My easy way out would be to introduce a "send" boolean to the reliable_entry struct and set it to true in the reliable_send method (reliable.c)
Then before sending the package, test if "send" is still true. Else it was swapped. Better would be however to make sure it can not be swapped in the first place.
comment:4 Changed 9 years ago by
Cc: | Steffan Karger added |
---|---|
Milestone: | release 2.3.8 → release 2.3.9 |
Bumping to milestone 2.3.9, copying in syzzer who might or might not have an idea (or time to get curious)
comment:5 Changed 8 years ago by
Milestone: | release 2.3.9 → release 2.3.11 |
---|
comment:6 Changed 8 years ago by
Milestone: | release 2.3.11 → release 2.3.12 |
---|
comment:7 Changed 7 years ago by
Milestone: | release 2.3.12 → release 2.3.15 |
---|
slightly embarrassing, but not going to happen for 2.3.14
comment:8 Changed 4 years ago by
Cc: | tct added |
---|---|
Milestone: | release 2.3.15 → release 2.5 |
comment:9 Changed 3 years ago by
Milestone: | release 2.5 → release 2.5.3 |
---|
comment:10 Changed 15 months ago by
Cc: | plaisthos added |
---|---|
Milestone: | release 2.5.3 |
Removing the milestone (as 2.5.3 has been long shipped).
I think this is fixed, as a side effect of IV_TCPNL, accepting out-of-order control channel packets now in general
commit 55755e6ee56516c96525e6bf313c173653af1a4b
Author: Arne Schwabe <arne@…>
Date: Sat Sep 17 16:15:38 2016 +0200
Enable TCP non-linear packet ID
Implementation with multiple threads needs that to be able run encryption
in parallel.

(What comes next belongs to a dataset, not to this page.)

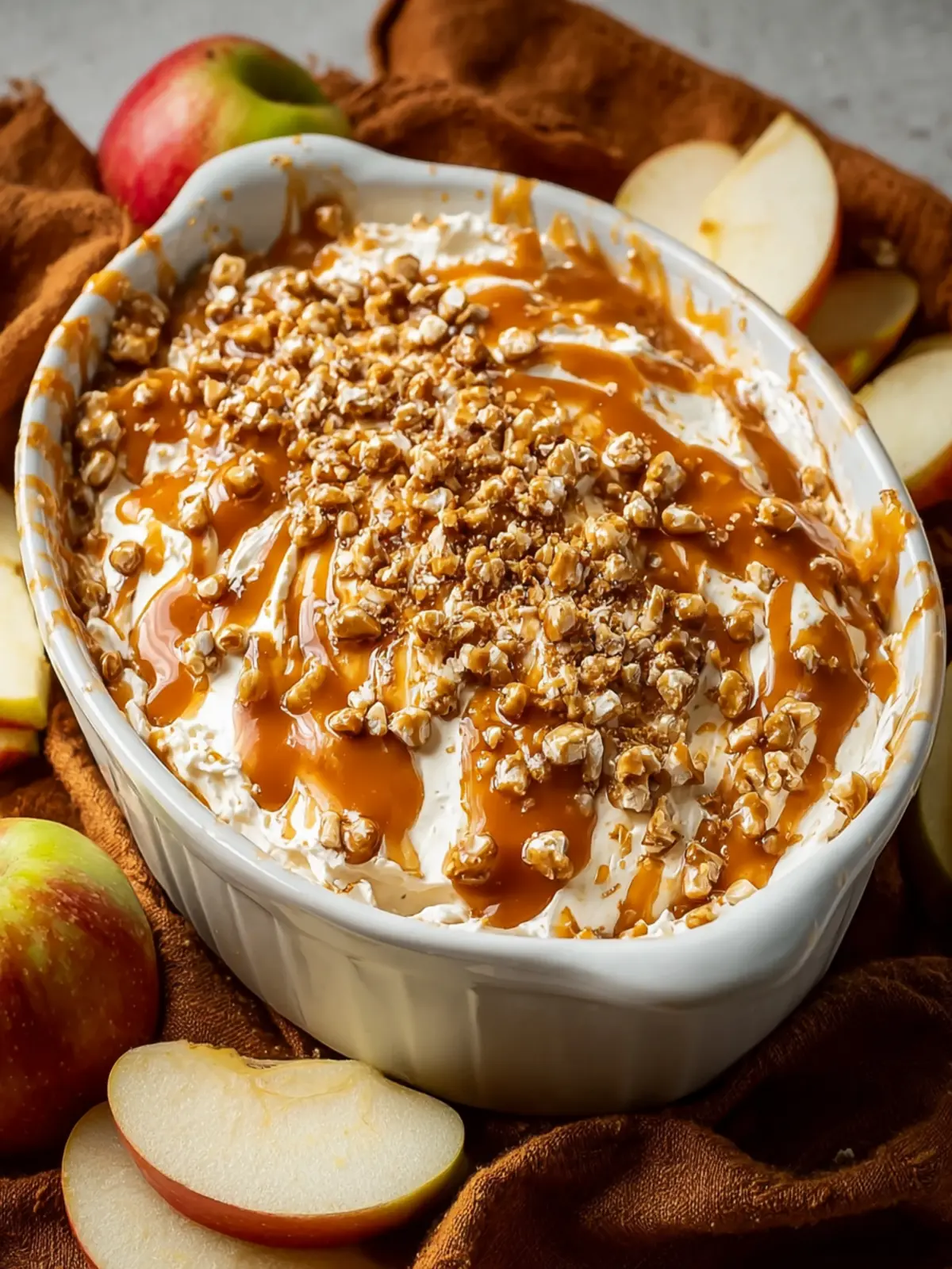 Apples: Fresh, crisp apples provide the perfect vehicle for this creamy dip. Honeycrisp and Granny Smith varieties work beautifully, balancing sweetness with a bit of tartness.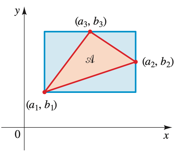 Determinants also provide a simple way to calculate the area of a triangle in the coordinate plane. If the triangle has vertices , and , as shown in the figure below,

Tested with James' OpenVPN 3 server.
(so we might still *send* them in the wrong order - even though the reliable/ACK handling has been overhauled for 2.6.0 as well - but even if we do, we accept them on reception in whatever order they come in, subject to replay_window handling)
As mentioned on IRC - this is an old old bug, and quite likely needs "high RTT" (SAT link), "TCP" and "tls-auth" to be triggered.
Still, it's a bug and should be fixed. No promises on time frame (*sigh*).